Catalog (data/messages.yaml -> generated messages.hpp)
S1F19 W header-only Get GEM Compliance Request
S1F20 <L,3 <A SOFTREV>
<A EQPTYP>
<L,a <L,2 <U1 CCODE> <A CDESC>>>>
Get GEM Compliance Data
S1F21 W <L,n <U4 VID>> DVID Namelist Request (n=0 = all)
S1F22 <L,n <L,3 <U4 VID>
<A VNAME>
<A UNITS>>> DVID Namelist Data
Codegen emits CapabilityEntry and GemCompliance structs. S1F22 reuses
S1F12's StatusName struct (same wire shape; dedup avoids redefinition).
Equipment data dictionary (data/equipment.yaml)
device: Adds `equipment_type: "EQUIPMENT"`
for the S1F20 EQPTYP field.
capabilities: New section.

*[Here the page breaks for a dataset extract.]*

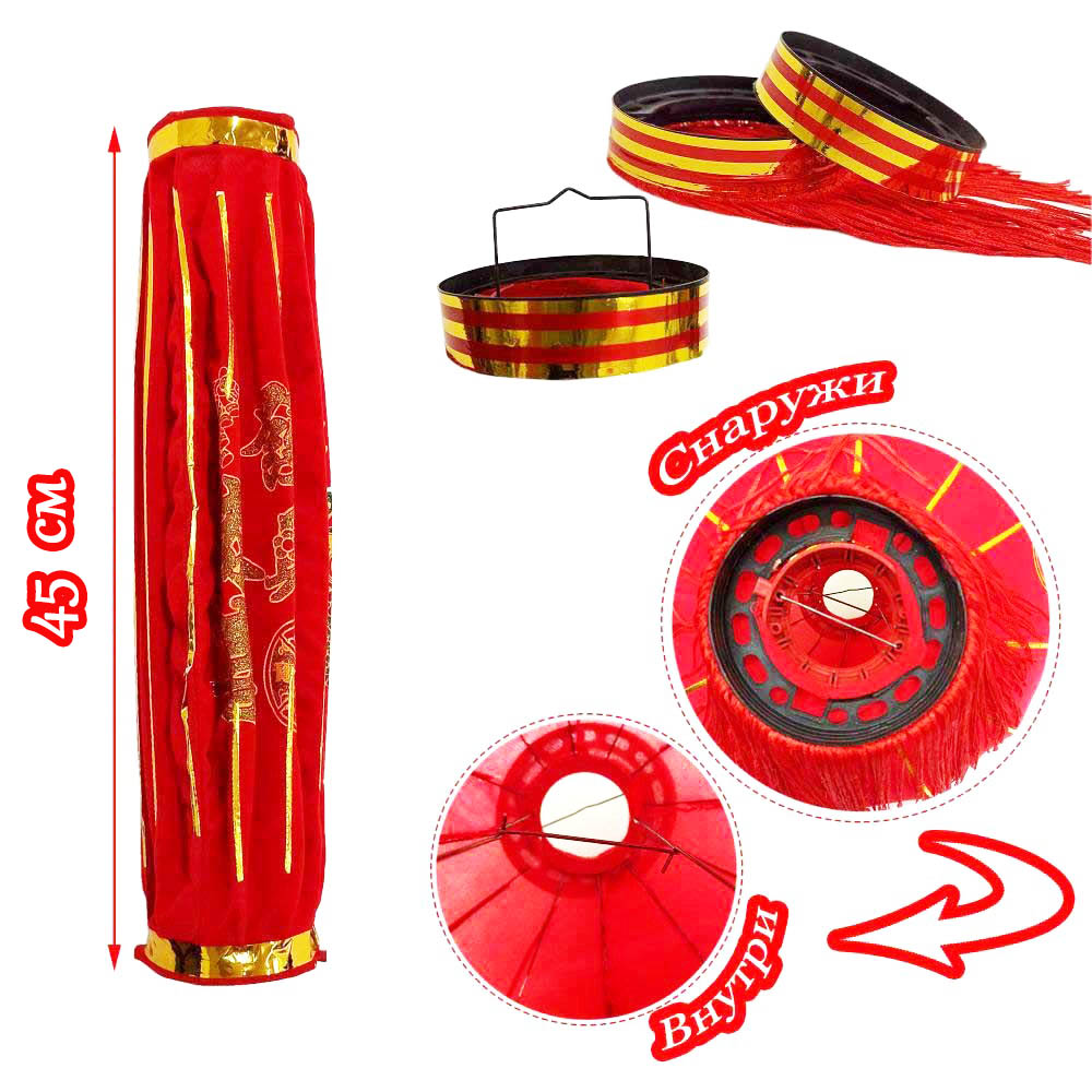 Фонарь изготовлен из нетканой флокированной ткани, ткань долговечная, не выгорает на солнце, водонепроницаемая. Внутренний каркас выполнен из стали.
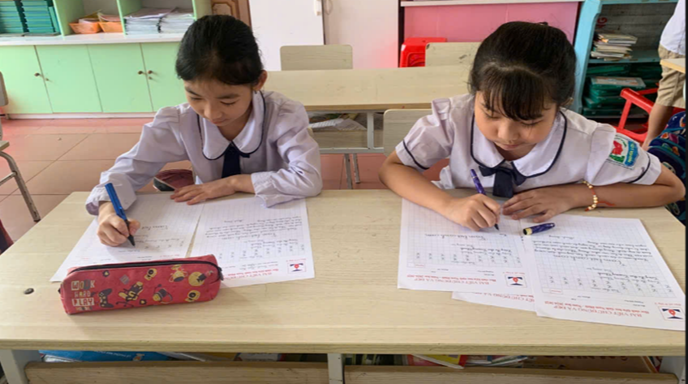 Cuộc thi “Viết chữ Đúng và Đẹp” được toàn thể các em học sinh trong cả trường tham gia nhiệt tình, hào hứng. Nền nếp rèn chữ, giữ vở được quan tâm từng tiết học. Chính vì thế, nét chữ của các em học sinh tiến bộ rõ rệt ngày càng đều, đẹp và mềm mại hơn.

List of
- {code, name} (CCODE, CDESC) pairs honestly
reflecting what the codebase
implements: 1, 2, 3, 5, 6, 7, 8,
9, 11, 12, 14 (partial), 15.
dvids: New section, same schema as
svids:. Demo populates two:
- WaferCounter (U4, units wafer)
- ChamberPressure (F4, units Torr)
Loader (src/config/loader.cpp + include/secsgem/config/loader.hpp)
EquipmentDescriptor gains equipment_type and capabilities (vector of
(uint8_t, string) pairs). load_equipment now reads `capabilities:`
into the descriptor and `dvids:` into model.dvids.
Server (apps/secs_server.cpp)
router.on(1, 19) returns S1F20 with desc.software_rev,
desc.equipment_type, and desc.capabilities converted to
vector<CapabilityEntry>.
router.on(1, 21) returns S1F22 built from model.dvids.all().
Client (apps/secs_client.cpp)
Two new demo steps after Request Online and before SVID discovery:
S1F19 -> S1F20: logs SOFTREV, EQPTYP, and every (CCODE, CDESC)
the equipment claims.
S1F21 -> S1F22: logs each DVID with units.
Tests
tests/test_messages.cpp Round-trip S1F19/F20 with a 3-entry
capability list; round-trip S1F22 with two
DVIDs.
tests/test_loader.cpp Asserts equipment_type, the capabilities
list contains CCODE 14 (Spooling), and the
two DVIDs land in model.dvids.
COMPLIANCE.md
"Documentation" Fundamental moves from ⬜ to ✅.
S1F19/F20 + S1F21/F22 rows in the coverage matrix flip to ✅.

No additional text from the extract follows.